▶ [Problem details]: Transcribe exactly the stretch of lines beginning at the one containing "때문에 컴투스는 현재" and closing with the last line of the entries below. Omit images.

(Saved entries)
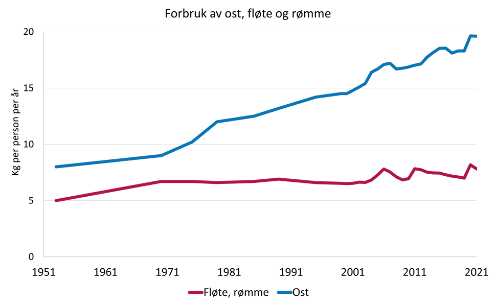 Helsedirektoratet gir årlig ut en rapport om utviklingen i norsk kosthold, som er basert på tall for landets matforsyning (engrosforbruk), samt data fra forbruks-, kostholds- og intervjuundersøkelser (Helsedirektoratet, 2022).
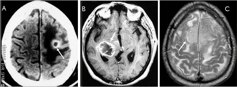 B – Magnetno-resonančno slikanje rakastega (malignega) možganskega tumorja.
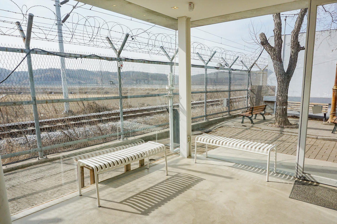 5월 중순의 맑고 쾌청한 날씨는 자연스럽게 야외의 벤치로 발길을 이끈다. 건물 옆면으로 임진강이 내다보이는 철책이 있고, 철망 너머를 바라보며 앉아 쉴 수 있는 벤치가 많다. 꼭 철책 뷰가 아니더라도 휴식을 취할 수 있는 곳은 많다. 공원에서도 외진 곳까지 찾는 이가 그렇게 많지도 않으므로 자리를 걱정할 필요는 없다.
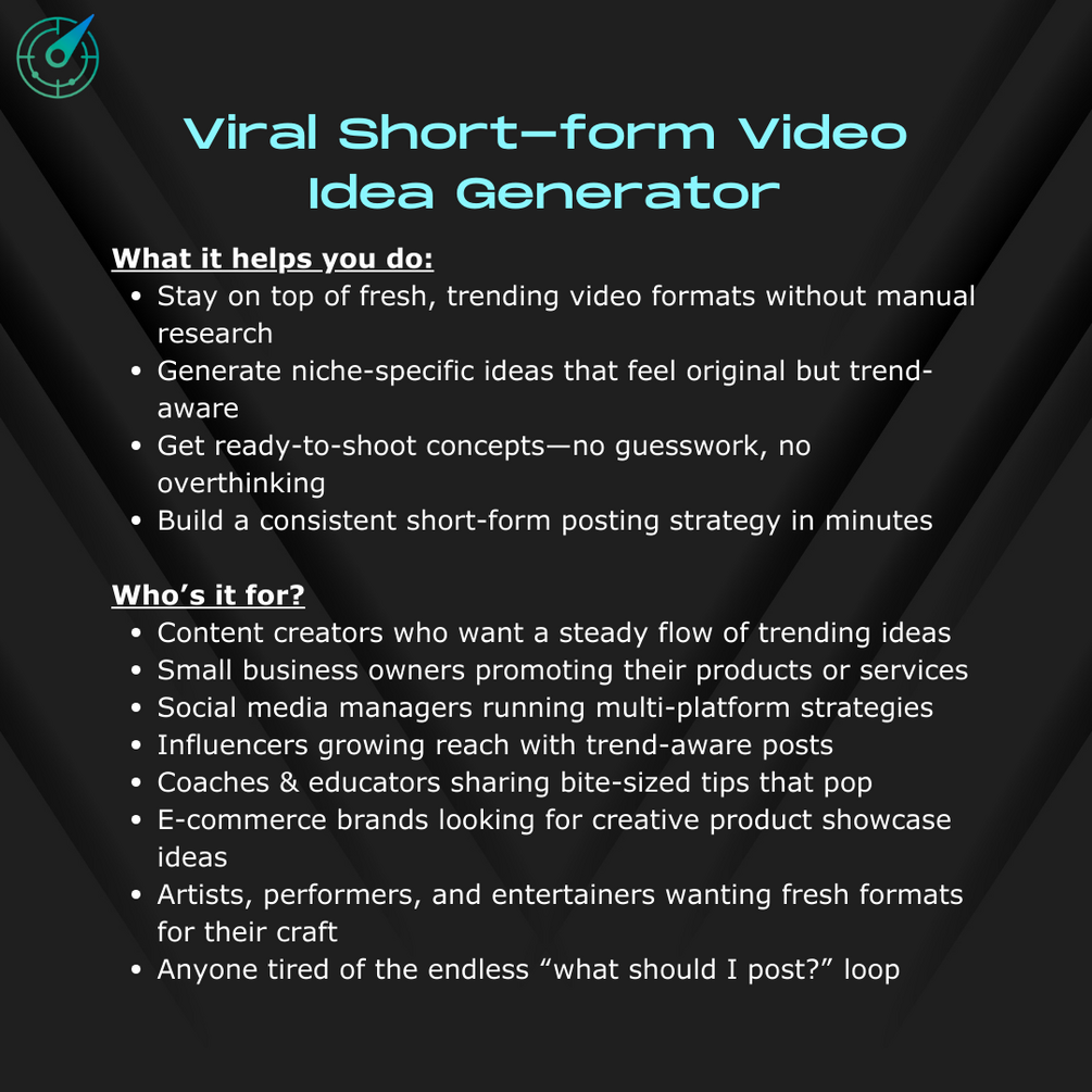 It delivers 15 fresh, trend-aware video ideas tailored to your niche—complete with titles, hooks, and formats—so you can go from idea → shoot → publish in minutes.
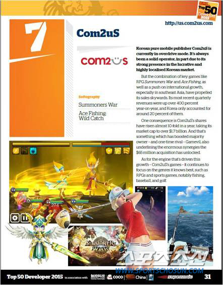 때문에 컴투스는 현재 글로벌 시장에서 좋은 행보를 보이고 있는 슈퍼셀과 킹 등의 개발사와 어깨를 나란히 할 날도 멀지 않았다는 분석까지 나오고 있다. 슈퍼셀은 클래쉬오브클랜, 킹은 캔디크러쉬사가의 글로벌 흥행에 힘입어 세계적인 회사로 성장했으며 컴투스도 비슷한 상황을 이어가고 있다.
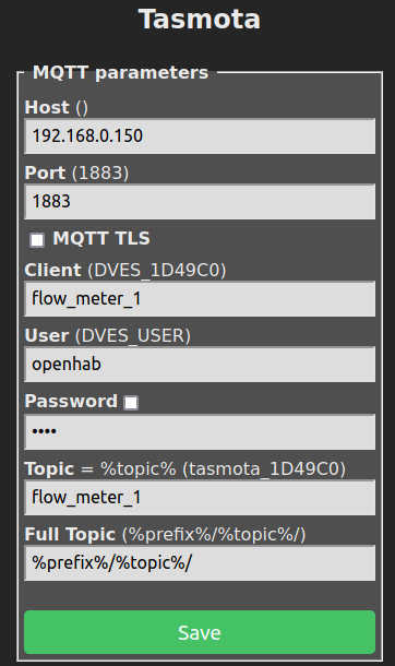 Please also note that the topic of your Tasmota device (in my case flow_meter_1) has to match whatever you have configured in Tasmota under “Configuration” → “MQTT Parameters” → “Topic”.

▶ [Answer for this exercise]:
 때문에 컴투스는 현재 글로벌 시장에서 좋은 행보를 보이고 있는 슈퍼셀과 킹 등의 개발사와 어깨를 나란히 할 날도 멀지 않았다는 분석까지 나오고 있다. 슈퍼셀은 클래쉬오브클랜, 킹은 캔디크러쉬사가의 글로벌 흥행에 힘입어 세계적인 회사로 성장했으며 컴투스도 비슷한 상황을 이어가고 있다.
 Please also note that the topic of your Tasmota device (in my case flow_meter_1) has to match whatever you have configured in Tasmota under “Configuration” → “MQTT Parameters” → “Topic”.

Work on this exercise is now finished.